Evaluation of BBL CHROMagar Listeria agar for the isolation and identification of Listeria monocytogenes from food and environmental samples.

作者信息

Hegde Veena, Leon-Velarde Carlos G, Stam Christina M, Jaykus Lee-Ann, Odumeru Joseph A

机构信息

Laboratory Services Division, University of Guelph, 95 stone Rd. West, Guelph, ON, Canada N1H 8J7.

出版信息

J Microbiol Methods. 2007 Jan;68(1):82-7. doi: 10.1016/j.mimet.2006.06.011. Epub 2006 Aug 23.
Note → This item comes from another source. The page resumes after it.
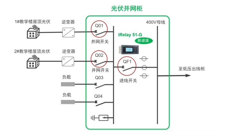 在10kV以下的光伏发电系统中,推荐在光伏并网柜安装iRelay 51-G并投入逆功率保护功能。当并网开关出现逆流,iRelay 51-G监测到逆功率后触发保护动作,选择跳开Q01并网开关,降低发电功率,保证全部发电自发自用;如果iRelay 51-G再次监测到逆功率,便会触发保护动作跳开Q02并网开关,避免发生电网逆流。

DOI:10.1016/j.mimet.2006.06.011
PMID:16930751
Abstract

The performance of BBL CHROMagar Listeria chromogenic agar for the detection of Listeria monocytogenes was evaluated for its ability to isolate and identify L. monocytogenes from food and environmental samples. The medium was compared to non-chromogenic selective agars commonly used for Listeria isolation: Oxford, Modified Oxford, and PALCAM. BBL CHROMagar Listeria had a sensitivity of 99% and 100% for the detection of L. monocytogenes from 200 natural and artificially inoculated food samples, respectively, with a colony confirmation rate of 100%. The sensitivity of non-chromogenic selective media for the detection of L. monocytogenes from these same samples was 97-99% with colony confirmation rates of 65-67.5%. From 93 environmental samples, BBL CHROMagar Listeria agar results correlated 100% with a Listeria spp. visual immunoassay (TECRA) performed on these same samples and the USDA-FSIS standard culture method for the isolation of L. monocytogenes. From environmental samples, the L. monocytogenes confirmation rate was 100% for BBL CHROMagar Listeria as compared to 50% for conventional agars tested. On BBL CHROMagar Listeria, L. monocytogenes forms a translucent white precipitation zone (halo) surrounding blue-pigmented colonies of 2-3 mm in diameter, with an entire border. BBL CHROMagar Listeria offers a high degree of specificity for the confirmation of suspect L. monocytogenes colonies, whereas non-chromogenic selective agars evaluated were not differential for L. monocytogenes from other Listeria species.

摘要

对BBL CHROMagar李斯特菌显色琼脂用于从食品和环境样本中分离和鉴定单核细胞增生李斯特菌的性能进行了评估。将该培养基与常用于分离李斯特菌的非显色选择性琼脂进行了比较:牛津琼脂、改良牛津琼脂和PALCAM琼脂。BBL CHROMagar李斯特菌琼脂从200份天然和人工接种的食品样本中检测单核细胞增生李斯特菌的灵敏度分别为99%和100%,菌落确认率为100%。从这些相同样本中检测单核细胞增生李斯特菌时,非显色选择性培养基的灵敏度为97 - 99%,菌落确认率为65 - 67.5%。在93份环境样本中,BBL CHROMagar李斯特菌琼脂的结果与对这些相同样本进行的李斯特菌属视觉免疫测定(TECRA)以及美国农业部食品安全检验局(USDA - FSIS)分离单核细胞增生李斯特菌的标准培养方法的结果100%相关。对于环境样本,BBL CHROMagar李斯特菌琼脂对单核细胞增生李斯特菌的确认率为100%,而测试的传统琼脂为50%。在BBL CHROMagar李斯特菌琼脂上,单核细胞增生李斯特菌在直径2 - 3毫米、边缘整齐的蓝色菌落周围形成半透明白色沉淀区(晕圈)。BBL CHROMagar李斯特菌琼脂对可疑单核细胞增生李斯特菌菌落的确认具有高度特异性,而所评估的非显色选择性琼脂对单核细胞增生李斯特菌与其他李斯特菌属无法进行区分。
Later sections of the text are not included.